Preconception Nutrition

Aside from reducing stress, eating a plant-based, whole-foods diet is a great way to boost your fertility. Basically, our bodies are designed to try and “get us pregnant" every cycle. If there are outside factors (like stress, poor nutrition, repeated illnesses, etc.) telling our bodies “this isn’t a good time to get her pregnant," then conceiving might be a bit more challenging.

"Real Food for Mother & Baby: The Fertility Diet, Eating for Two, and Baby’s First Foods" by Nina Planck is a great place to start. The rule-of-thumb is to eat REAL food… what our great-grandmothers would have recognized as food ;)

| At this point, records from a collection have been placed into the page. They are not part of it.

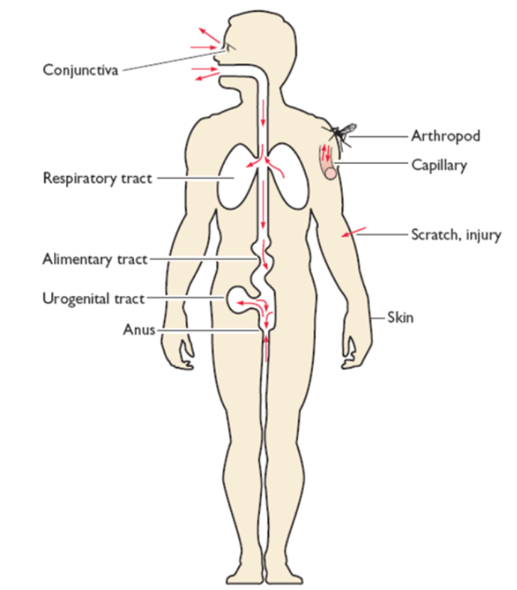 Las superficies del cuerpo humano sirven de puerta de entrada o lugares de infección y diseminación microbiana. Los más frecuentes serían el tracto alimentario, la piel (estreptococos, estafilococos y hongos), conjuntiva, vía respiratoria o urogenital.
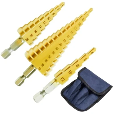 The Step Drill Bit set contains 3 sizes: 4-12mm, 4-20mm and 4-32 mm,Come with one portable fabric bag. 3 SIZES DRILL BITS SET INCLUDES: 5 steps: 4-12mm (4mm, 6mm, 8mm, 10mm, 12mm); 9 steps: 4-20mm (4mm, 6mm, 8mm, 10mm, 12mm, 14mm, 16mm, 18mm, 20mm); 15 steps: 4-32mm (4mm, 6mm, 8mm, 10mm, 12mm, 14mm, 16mm, 18mm, 20mm, 22mm, 24mm, 26mm, 28mm, 30mm, 32mm) High Quality: SS Step Bits are made of classic high-speed steel materials,with titanium coating.Provide good heat,wear and chip resistance,easy to drill and precise holes.The step drill bits are perfect for you to DIY. Wide Application:The Step drill bits can process different diameter holes,Idea for drilling holes in sheet metal,aluminum,brass,copper,wood,iron and plastic.Your best choice for DIY projects,furniture making or metalworking applications. Easy to Use:The bits have 1/4-inch hex shank,Easy to Fits and securely into most power drills tools to prevent slippage and shedding during rotation
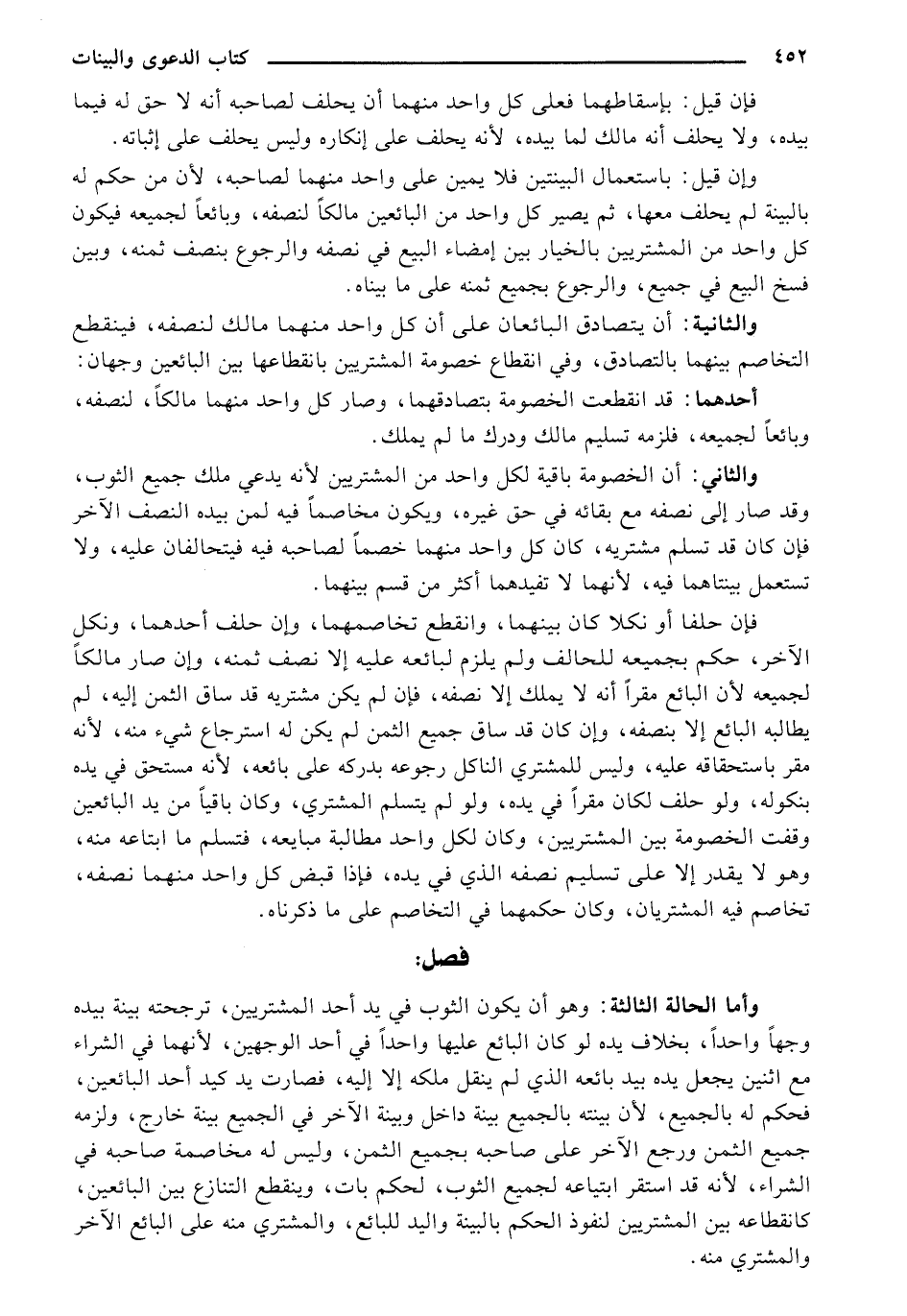 والثاني: أن الخصومة باقية لكل واحد من المشتريين لأنه يدعي ملك جميع الثوب، وقد صار إلى نصفه مع بقائه في حق غيره، ويكون مخاصماً فيه لمن بيده النصف الآخر فإن كان قد تسلم مشتريه كان كل واحد منهما خصماً لصاحبه فيه فيتحالفان عليه، ولا تستعمل بيناهما فيه، لأنهما لا تفيدهما أكثر من قسم بينهما.

Two things to keep in mind… avoiding the “dirty dozen" and eating low-mercury fish. The dirty dozen includes foods in which we eat the skin or the skin is thin (and potentially covered in pesticides): apples, bell peppers, blueberries, celery, cherries, grapes (imported), kale, nectarines (imported), peaches, potatoes,  spinach/lettuce, and strawberries. It’s best to buy these organic and/or local. Low-mercury fish choices (so our body doesn’t store heavy metal poisons) include arctic cod, anchovies, catfish, clam, crab, oyster, sardine, scallop, shrimp, tilapia, trout, and wild salmon (http://www.montereybayaquarium.org/cr/seafoodwatch.aspx).

Yum! Eating for 1 so that eventually you’re “eating for 2" can taste really good!